The help center even explicitly states that questions are off topic which:

  • ask us to adjudicate “right” and “wrong” in a situation or whether something is rude/racist/sexist/[insert other discriminatory terms]. If you are having a dispute with your spouse or coworker, we are not going to settle the dispute for you or give you points to argue. Focus your question on resolving your issue, rather than whether there is an issue or not.

However...

If it can be answered with some level of objectivity and reputable sources, then it is more of a question of understanding established norms, and can be edited to make that clear (and should include enough context to be reasonably scoped).
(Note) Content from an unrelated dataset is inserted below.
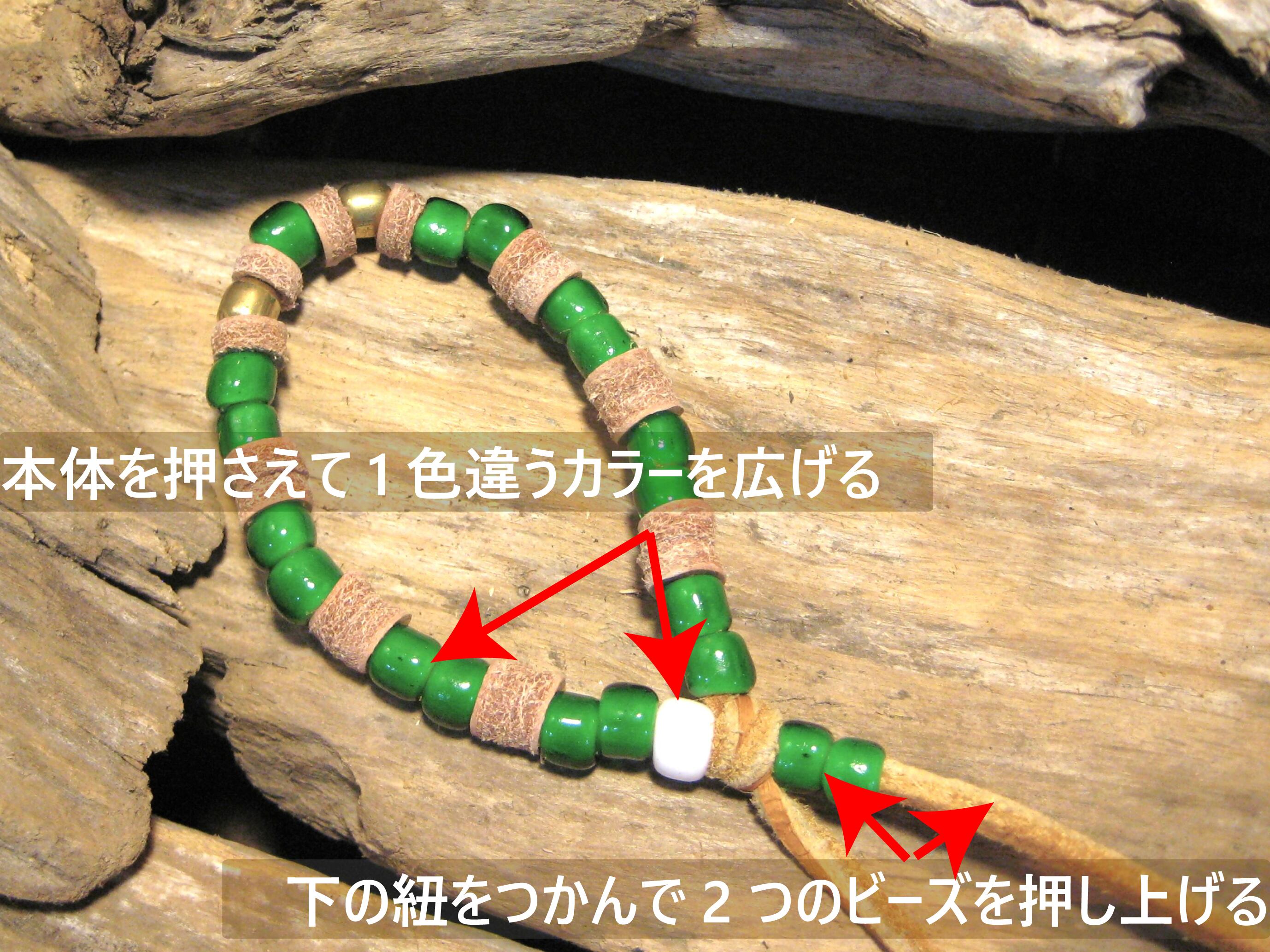 着け方は画像のように一つだけ違う色のビーズがありますので、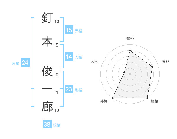 釘本 俊一廊さんを姓名の画数から五運を鑑定

The question A server in a restaurant got offended when we addressed him as "Uncle" is a good illustration of the differences. Right now it includes both types of questions:

Is this correct or we were wrong in thinking so? How should one address servicemen/servicewomen in the restaurant in a proper way?

The first sentence is asking users to judge the situation: was this polite? You can see how the answers give varying opinions whether the OP was impolite or the waiter was overreacting. Simply hearing a "yes" or "no" from random internet users is not very useful in developing any skills, which is what we're all about!

But, the second sentence is asking about cultural norms: what is the proper way to address waiters in Germany? The answers addressing this part are useful and can be applied in future situations. They are also more objective because they can be backed up by personal experience or references, which is another hallmark of a good answer.